------ Information provided ------

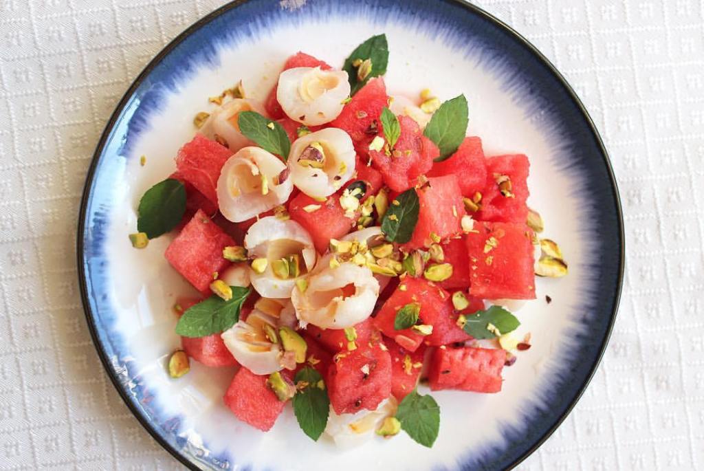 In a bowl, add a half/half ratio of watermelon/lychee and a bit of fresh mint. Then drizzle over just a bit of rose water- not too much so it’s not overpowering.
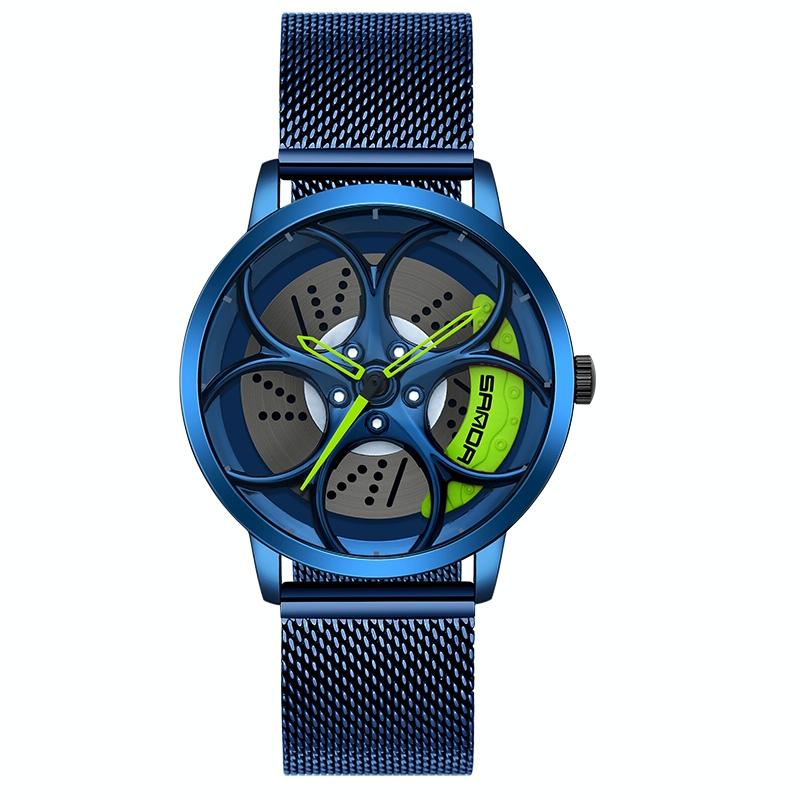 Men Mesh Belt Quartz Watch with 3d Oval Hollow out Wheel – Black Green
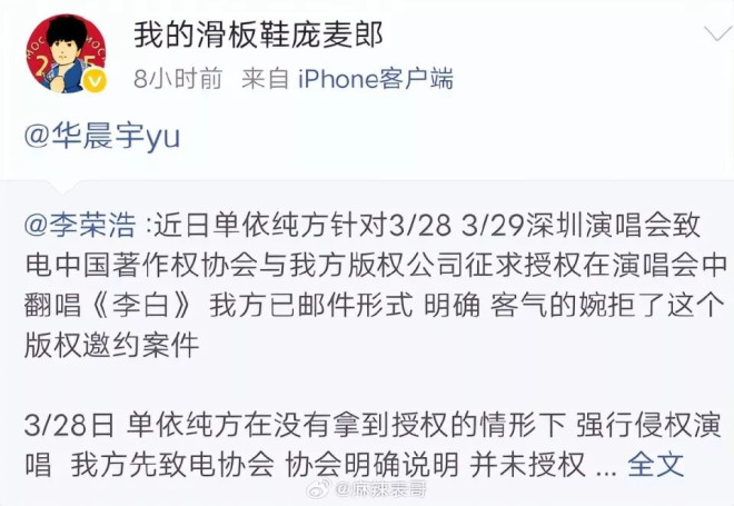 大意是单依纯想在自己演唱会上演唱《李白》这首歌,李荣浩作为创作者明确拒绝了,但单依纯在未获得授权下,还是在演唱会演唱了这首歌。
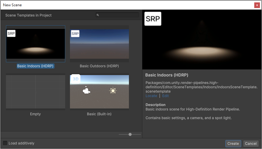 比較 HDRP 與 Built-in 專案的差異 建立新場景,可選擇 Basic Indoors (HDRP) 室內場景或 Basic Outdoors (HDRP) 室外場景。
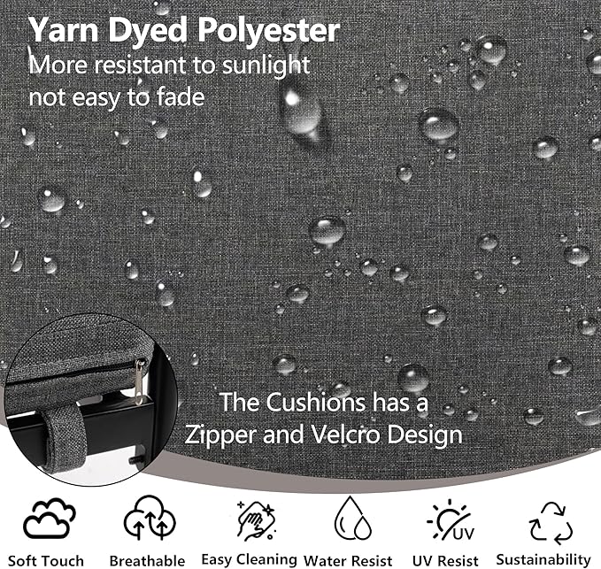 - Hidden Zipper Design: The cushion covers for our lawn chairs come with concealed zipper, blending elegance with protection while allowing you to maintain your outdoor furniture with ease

------

Exercise instructions | Copy out exactly the lines above beginning with the line that contains "Men Mesh Belt" and finishing with the line that contains "比較 HDRP 與 Built-in", including both; leave the pictures out.

Output of the task |
 Men Mesh Belt Quartz Watch with 3d Oval Hollow out Wheel – Black Green
 大意是单依纯想在自己演唱会上演唱《李白》这首歌,李荣浩作为创作者明确拒绝了,但单依纯在未获得授权下,还是在演唱会演唱了这首歌。
 比較 HDRP 與 Built-in 專案的差異 建立新場景,可選擇 Basic Indoors (HDRP) 室內場景或 Basic Outdoors (HDRP) 室外場景。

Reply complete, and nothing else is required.